Creating a Variable with Group Calculations

Many data sets have hierarchical structures, where individual observations belong within certain groups. For example, data with students inside classrooms inside schools. Or companies inside countries. See the below table for one example

I J X
1 1 3
1 2 3.5
2 1 2
2 2 5

Here, we have data where each group \(I\) has multiple rows, one for each \(J\).

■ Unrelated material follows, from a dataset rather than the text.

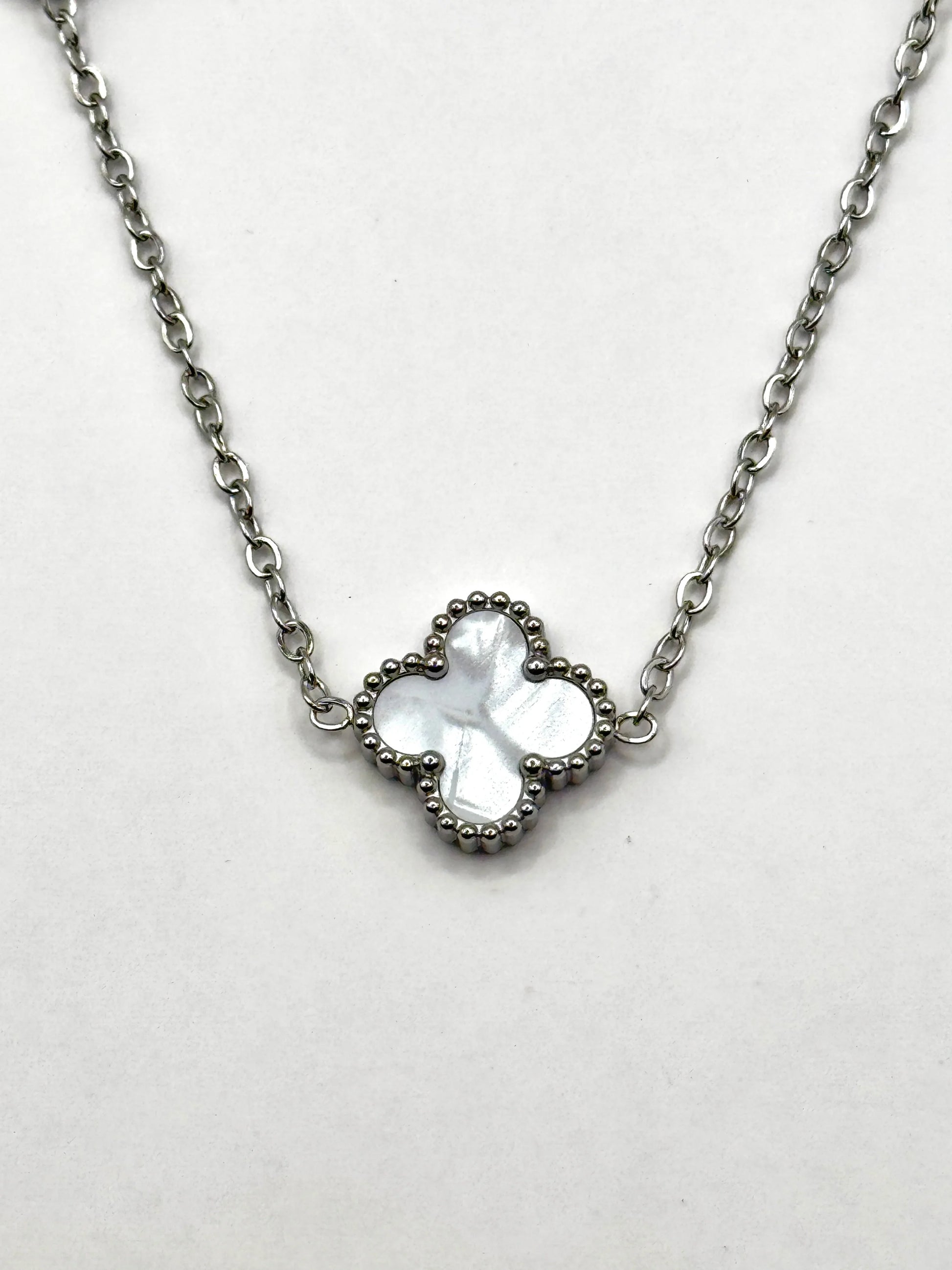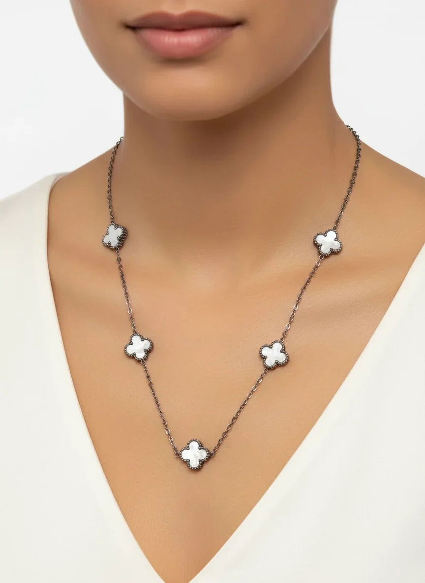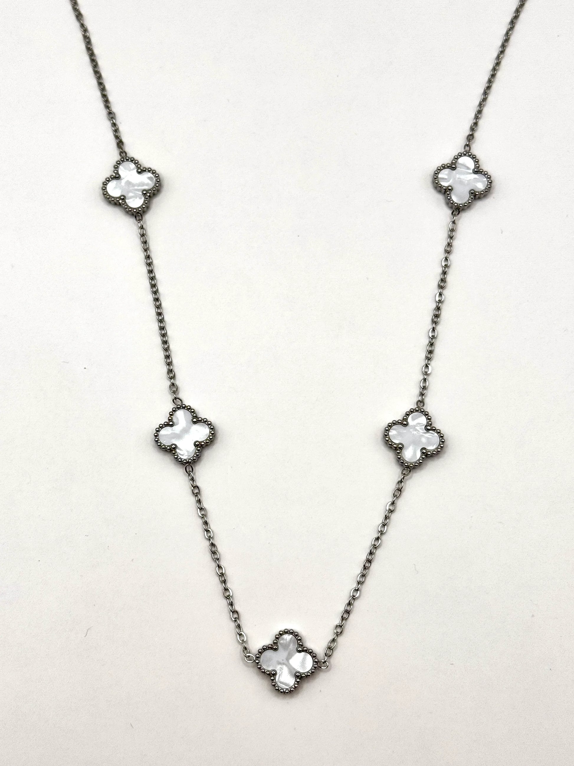 🌸 Colier dama din inox cu pandantive trifoi sidef alb – rafinament si stralucire delicata

We often might want to create a new variable that performs a calculation within each group, and assigns the result to each value in that group. For example, perhaps we want to calculate the mean of \(X\) within each group \(I\), so we can know how far above or below the group average each observation is. Our goal is:

I J X AvgX
1 1 3 3.25
1 2 3.5 3.25
2 1 2 3.5
2 2 5 3.5

Also Consider

  • If the goal is to produce a data set with one row per group rather than a new variable assigning the calculation to each observation in the group, then instead look at Collapse a Data Set.

Implementations

Python

pandas doesn’t have a straightforward and flexible built-in method for doing this, with aggregation methods heavily preferring to work as described on Collapse a Data Set. However, we can just follow those methods and then merge the result back in.

import pandas as pd

# Pull in data on storms
storms = pd.read_csv('https://vincentarelbundock.github.io/Rdatasets/csv/dplyr/storms.csv')

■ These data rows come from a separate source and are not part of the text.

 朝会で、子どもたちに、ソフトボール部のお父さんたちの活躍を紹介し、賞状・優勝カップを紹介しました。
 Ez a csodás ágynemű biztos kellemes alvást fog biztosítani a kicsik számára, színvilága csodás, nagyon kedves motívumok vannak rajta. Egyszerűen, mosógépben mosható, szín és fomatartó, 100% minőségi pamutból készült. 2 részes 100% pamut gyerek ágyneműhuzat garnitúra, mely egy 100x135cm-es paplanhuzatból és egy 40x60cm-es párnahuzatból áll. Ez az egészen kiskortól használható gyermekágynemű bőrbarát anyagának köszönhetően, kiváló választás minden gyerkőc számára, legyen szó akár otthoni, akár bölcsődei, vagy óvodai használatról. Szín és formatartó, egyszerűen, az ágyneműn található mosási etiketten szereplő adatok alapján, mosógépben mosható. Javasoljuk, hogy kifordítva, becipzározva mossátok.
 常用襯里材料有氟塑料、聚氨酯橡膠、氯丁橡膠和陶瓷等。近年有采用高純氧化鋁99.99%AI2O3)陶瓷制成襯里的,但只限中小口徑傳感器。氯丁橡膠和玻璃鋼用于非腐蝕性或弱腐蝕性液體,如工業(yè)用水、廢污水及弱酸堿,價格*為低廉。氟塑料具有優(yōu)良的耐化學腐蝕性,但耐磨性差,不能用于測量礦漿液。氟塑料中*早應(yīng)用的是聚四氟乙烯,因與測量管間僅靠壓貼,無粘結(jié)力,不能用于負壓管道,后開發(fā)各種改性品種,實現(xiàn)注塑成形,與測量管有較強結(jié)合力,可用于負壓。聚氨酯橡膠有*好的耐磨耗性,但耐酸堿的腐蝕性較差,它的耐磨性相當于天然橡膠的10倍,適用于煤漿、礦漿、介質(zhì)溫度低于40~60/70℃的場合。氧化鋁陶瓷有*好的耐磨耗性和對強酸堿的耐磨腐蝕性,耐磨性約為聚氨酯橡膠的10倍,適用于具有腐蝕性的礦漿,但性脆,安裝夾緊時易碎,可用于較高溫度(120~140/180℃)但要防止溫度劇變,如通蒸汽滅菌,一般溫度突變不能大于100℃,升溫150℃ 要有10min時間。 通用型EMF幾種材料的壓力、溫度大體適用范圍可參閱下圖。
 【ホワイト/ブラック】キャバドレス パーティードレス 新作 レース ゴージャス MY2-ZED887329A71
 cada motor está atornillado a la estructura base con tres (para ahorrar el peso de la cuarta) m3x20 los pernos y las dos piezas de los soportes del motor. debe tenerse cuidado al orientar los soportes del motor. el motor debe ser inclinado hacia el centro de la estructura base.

# Use groupby and agg to perform a group calculation
# Here it's a mean, but it could be anything
meanwind = (storms.groupby(['name', 'year', 'month', 'day'])
            .agg({'wind': 'mean'})
            # Rename so that when we merge it in it has a 
            # different name
           .rename({'wind': 'mean_wind'}))
            # make sure it's a data frame so we can join it  
    
# Use merge to bring the result back into the data
storms = pd.merge(storms,meanwind,
                    on = ['name', 'year', 'month', 'day'])

R

The dplyr package makes this process easy.

library(dplyr)

data("storms")

# Use group_by to designate the groups
storms <- storms %>%
  group_by(name, year, month, day) %>%
  # To add a new column, rather than collapse,
  # just use mutate instead of summarize
  # note that "mean" could be anything here
  mutate(mean_wind = mean(wind))

Stata

This process is made easy in Stata using the egen command. egen is not entirely flexible and is limited to a set of predetermined group calculations (see help egen), although this can be expanded using the egenmore package (ssc install egenmore then help egenmore). However, the list of predetermined functions is long enough that you’ll rarely be caught out!

import delimited "https://vincentarelbundock.github.io/Rdatasets/csv/dplyr/storms.csv", clear

* Use bysort to determine the grouping, and egen to do the calculation
bysort name year month day: egen mean_wind = mean(wind)